• Wrongful Termination in Missouri: Whistleblower Claims and the Public Policy Exception to Employment-at-Will
  • September 17, 2013 | Authors: Ambika Behal; Hal D. Meltzer
  • Law Firm: Baker Sterchi Cowden & Rice, L.L.C. - Kansas City Office
  • Missouri adheres to the rule prevailing in most jurisdictions that in the absence of a contract between an employer and employee for a definite term or a contrary statutory provision, an employee can be terminated at any time with or without cause or for any reason, provided the termination does not run afoul of a federal or state anti-discrimination statute. Amaan v. City of Eureka, 615 S.W.2d 414 (Mo. 1981). Under these circumstances, no action can be maintained for wrongful discharge. Id. at 415.

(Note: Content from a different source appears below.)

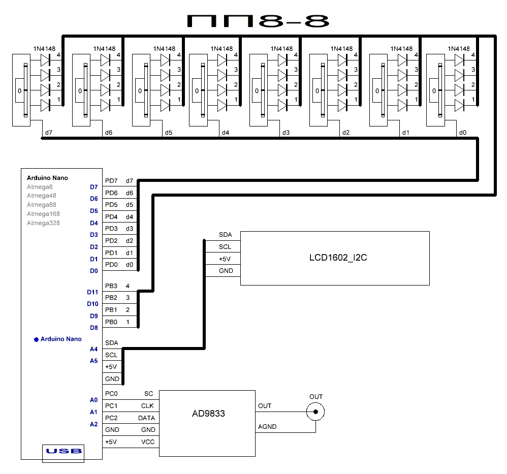 Генератор AD9833 + ПП8-8(8А) (Arduino)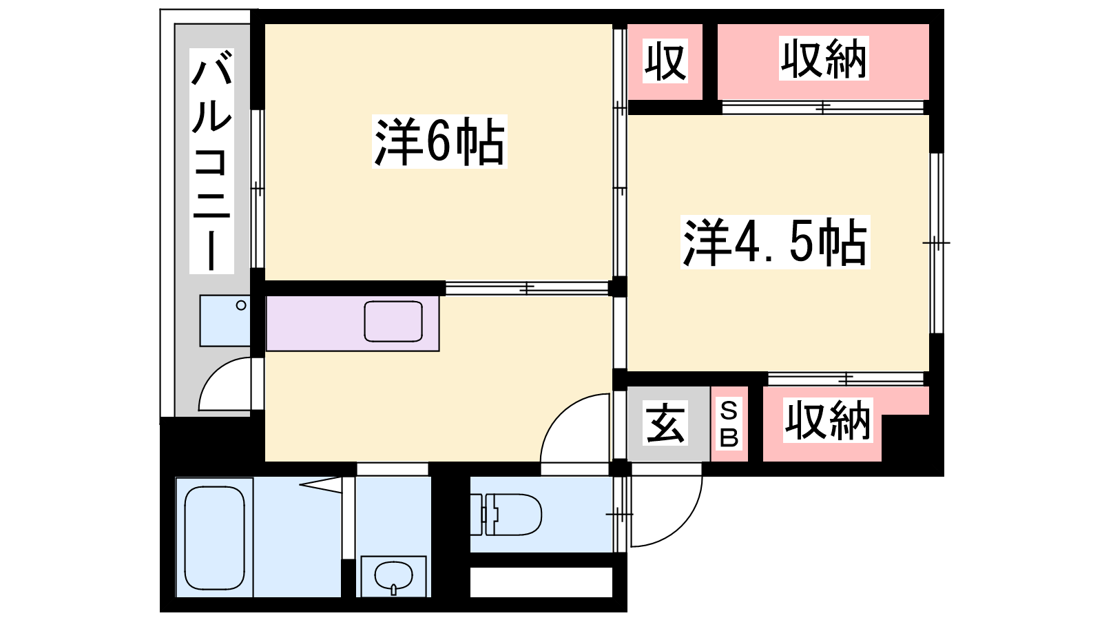 - K4帖、洋室6帖、洋室4.5帖

    Missouri, however, recognizes exception to the at-will employment relationship based on public policy. The Supreme Court of Missouri addressed the breadth of such exception in three cases decided on the same day: Fleshner v. Pepose Vision Inst., P.C., 304 S.W.3d 81 (Mo. banc 2010), Margiotta v. Christian Hospital, 315 S.W.3d 342 (Mo. banc 2010), and Keveney v. Missouri Military Academy, 304 S.W.3d 98 (Mo. Banc 2010). In Fleshner, the court stated:

    [T]his Court expressly adopts the following as the public- policy exception to the at-will employment doctrine: An at-will employee may not be terminated (1) for refusing to violate the law or any well-established and clear mandate of public policy . . . or (2) for reporting wrongdoing or violations of law to superiors or public authorities. If an employer terminates an employee for either reason, then the employee has a cause of action in tort for wrongful discharge based on the public-policy exception.

    Fleshner, 304 S.W.3d at 96 (internal citations omitted). In regards to application of this rule, the court stated:

    [P]ublic policy must be found in a constitutional provision, a statute, regulation promulgated pursuant to statute, or a rule created by a governmental body. But . . . a plaintiff need not rely on an employer’s direct violation of a statute or regulation. Instead, the public policy must be reflected by a constitutional provision, statute, regulation promulgated pursuant to statute, or a rule created by a governmental body.

    Id. (internal citations omitted).

    In Margiotta v. Christian Hospital, 315 S.W.3d 342 (Mo. banc 2010), however, the Supreme Court of Missouri discussed the limits of the public policy exception to whistleblowing. The court held that “not every statute or regulation gives rise to an at- will wrongful termination action,” and that a “vague or general statute, rule or regulation,” or one unrelated to plaintiff’s claim, cannot form the basis of a wrongful termination action. Id. at 348-50. The plaintiff based his allegations of wrongful termination on his report of unsafe patient practices based on one federal regulation that provided “[t]he patient has the right to receive care in a safe setting” and a second that required hospitals to develop procedures to remedy building safety hazards. Id. at 348. The court held that the first regulation was “too vague to support [plaintiff’s] wrongful discharge action” and the second was irrelevant to his claim. Id. at 347-348.

    For the public policy exception to at-will employment termination based on whistleblowing to apply, the whistle must actually be blown. In Faust v. Ryder Commercial Leasing & Services, 954 S.W.2d 383 (Mo. App. 1997), an employee was terminated after he informed his supervisor that he had witnessed the supervisor stealing company property. The employee also threatened to tell corporate officials if it happened again. The court determined that the plaintiff’s conduct did not amount to whistle-blowing, but was merely a courtesy warning. “While such a courtesy warning may be viewed as compassionate and in some instances may have the intended effect of stopping future criminal activity, it does not expose wrongdoers and their past wrongdoing.” Id. at 391. Plaintiff needed to have had “blown the whistle” to proper authorities, such as the employer or a third party.

    When a public policy concern exists under the rule handed down in Fleshner, a plaintiff alleging employment discrimination need only prove that the illegitimate purpose was a contributing factor in the employment decision, rather than the exclusive or “but for” cause of that decision. Fleshner, 304 S.W.3d at 94. See also Missouri Approved [Jury] Instruction (MAI) 31.24.

    Finally, it should be noted that punitive damages are recoverable in wrongful discharge claims brought under the public policy exception at common law. See Kelly v. Bass Pro Outdoor World, LLC, 245 S.W.3d 841 (Mo. App. 2007).